Britain has a well-developed ritual of institutional apology. Prime ministers have apologised for the Irish Famine, for Bloody Sunday, for the Windrush scandal, for child migrants sent to Australia. Each apology follows a similar template: sincere language, emotional testimony from affected individuals, bipartisan parliamentary support, and very little binding commitment to change the institutional conditions that made the original harm possible. The Windrush scandal, to take the most recent high-profile example, produced an apology in 2018, a compensation scheme that was widely criticised as under-resourced and bureaucratically hostile to claimants, and an internal review whose recommendations were largely ignored. The Home Office that created Windrush is still the Home Office; the culture that produced the hostile environment policy has been modified at the margins.

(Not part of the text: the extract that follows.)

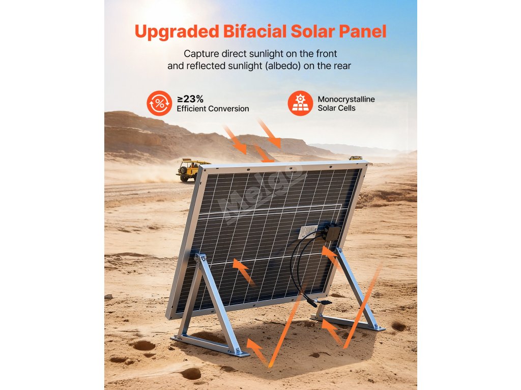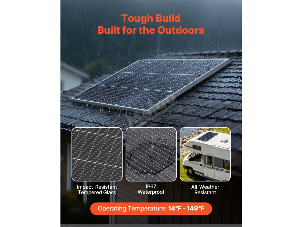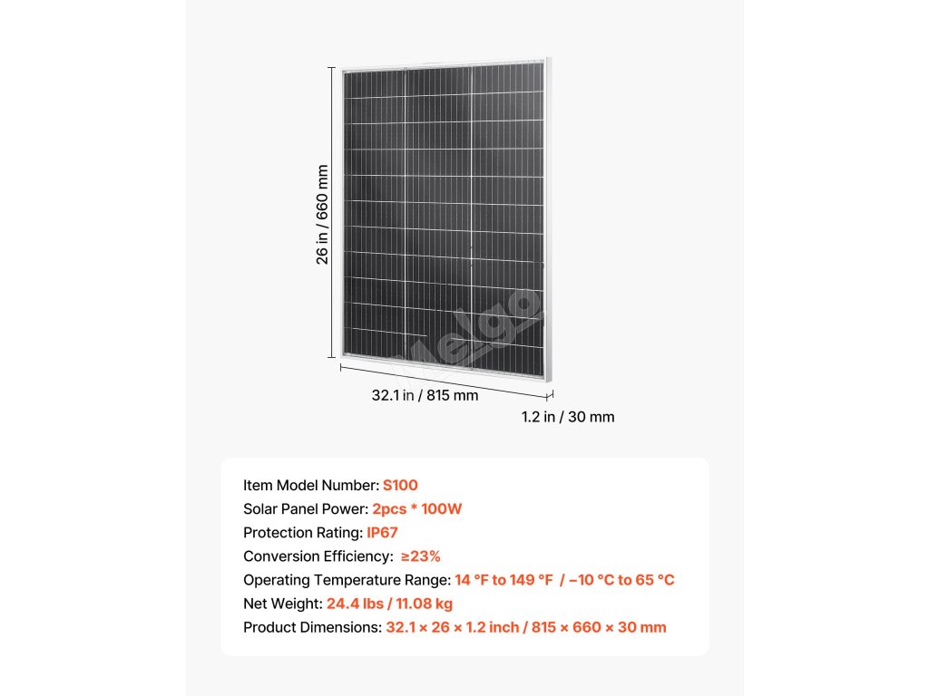 Monokrystalický solární panel VEVOR 2PCS 100 W nabízí účinnost konverze ≥ 23 %, stabilní výstup MC4, ochranu IP67 a odolný rám. Spolehlivě funguje v různých prostředích a poskytuje stabilní napájení pro automobily, obytné vozy, lodě, farmy, chaty a aplikace mimo síť.

The forced adoption apology is emotionally and morally different from Windrush in important respects: the harm was more intimate, the period more distant, the institutional actors more diffuse — state, church, private adoption agencies — and many of those directly responsible are dead. But the structural questions remain. Will the apology be accompanied by a properly funded, accessible mechanism for adoptees and birth mothers to access records and receive support? Will the government commit resources to the genealogical research services, psychological support, and legal assistance that affected people actually need? Or will the apology serve primarily as a political closing of accounts — a statement that the matter has been acknowledged and, by implication, settled?
There is a longer philosophical debate lurking here about the limits of state apologies as a mode of addressing historical harm. Conservatives have traditionally been sceptical of what Burke might have called the politics of abstract sentiment — the tendency to perform moral feeling without incurring the cost of actual restitution. That scepticism is not the same as indifference to the harm. It is, rather, a demand that acknowledgment be followed by action, and that the action be proportionate to the scale of what was done. A quarter of a million people were affected by these practices in England alone. The human cost — in lost relationships, in psychological damage, in decades of fruitless searching — is not something a parliamentary statement erases.

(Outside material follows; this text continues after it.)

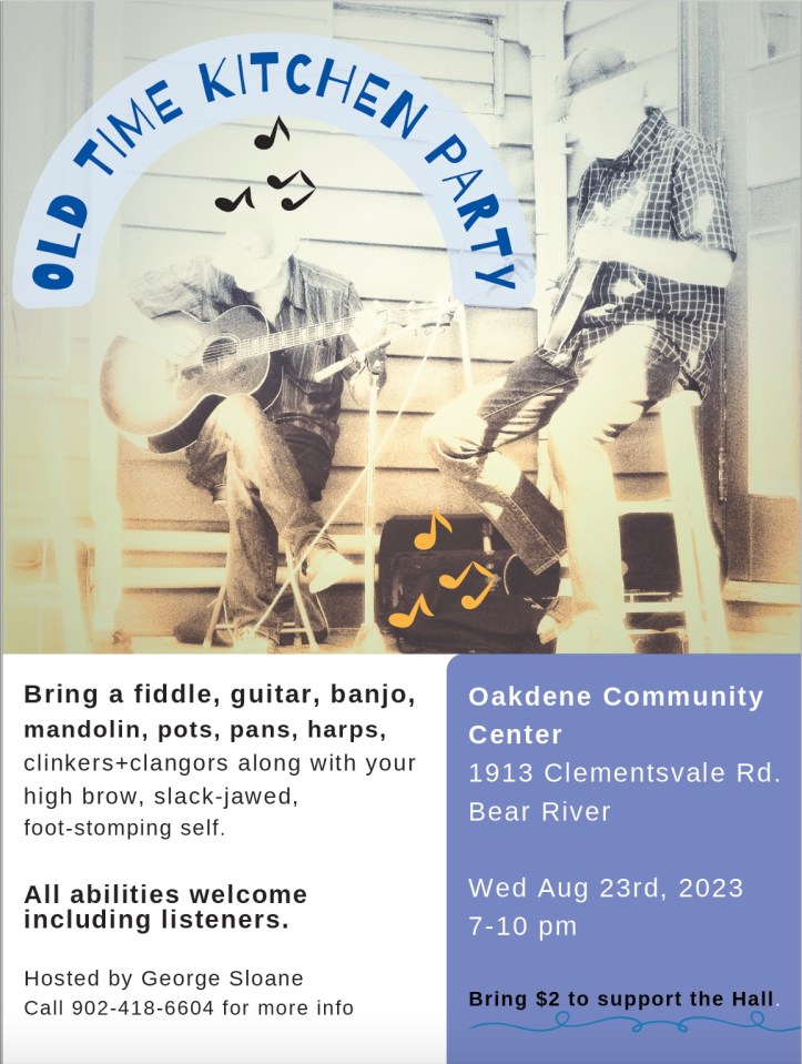 Come one, Come all and join in Bear River’s old time kitchen party ..bring a fiddle, guitar, Banjo, mandolin, pots, pans, clinkers clangors,,harps along with your high brow, slack jawed, foot stomping, down home self . Don’t forget your cousins and relatives three times removed…

The other thing worth noting is what the forced adoption era reveals about the intersection of state power and social conformity. The coercion was not administered by monsters but by social workers following professional protocols, by doctors treating unmarried motherhood as a social pathology, by church organisations pursuing a theology of respectability. The lesson of that history — that institutional harm tends to be perpetrated by the well-meaning and the credentialed operating within a consensus that treats dissent as irresponsibility — is one that should give pause to anyone who places excessive trust in expert consensus as a guide to social policy. The experts of the 1950s and 1960s were certain they were doing right. The apology is, in part, an acknowledgment that they were catastrophically wrong.
What to watch
- The content of the formal apology: whether it is accompanied by specific policy commitments on records access, support services, and compensation, or whether it remains a purely declarative act.
- The Scottish and Australian comparison: how the English apology compares in scope and subsequent follow-through with the Scottish 2021 apology and Australia’s 2013 apology, which were both criticised for under-resourced implementation.

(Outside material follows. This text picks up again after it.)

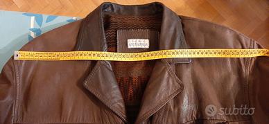 Giaccone invernale pesante in pelle marrone color cuoio scuro. Indossato e molto bello. Confezionato da ditta artigiana della zona, pertanto la misura 52 è puramente indicativa. Ben rifinito, 2 tasche anteriori e taschino interno, spacchetti laterali, chiusura 4 bottoni con occhielli. La taglia è grande e le misure sono tutte riportate in foto, la lunghezza per maggior precisione misurata da sotto ascella.

- Political opposition response: whether the Conservative party uses this moment to press for concrete follow-up measures, which would convert a symbolic act into a policy one — or whether it simply joins the bipartisan consensus in favour of the apology without pressing for accountability.
- Church and institution responses: whether the Church of England, Catholic agencies, and private adoption organisations that were central to the forced adoption system issue their own formal apologies and commit to records access.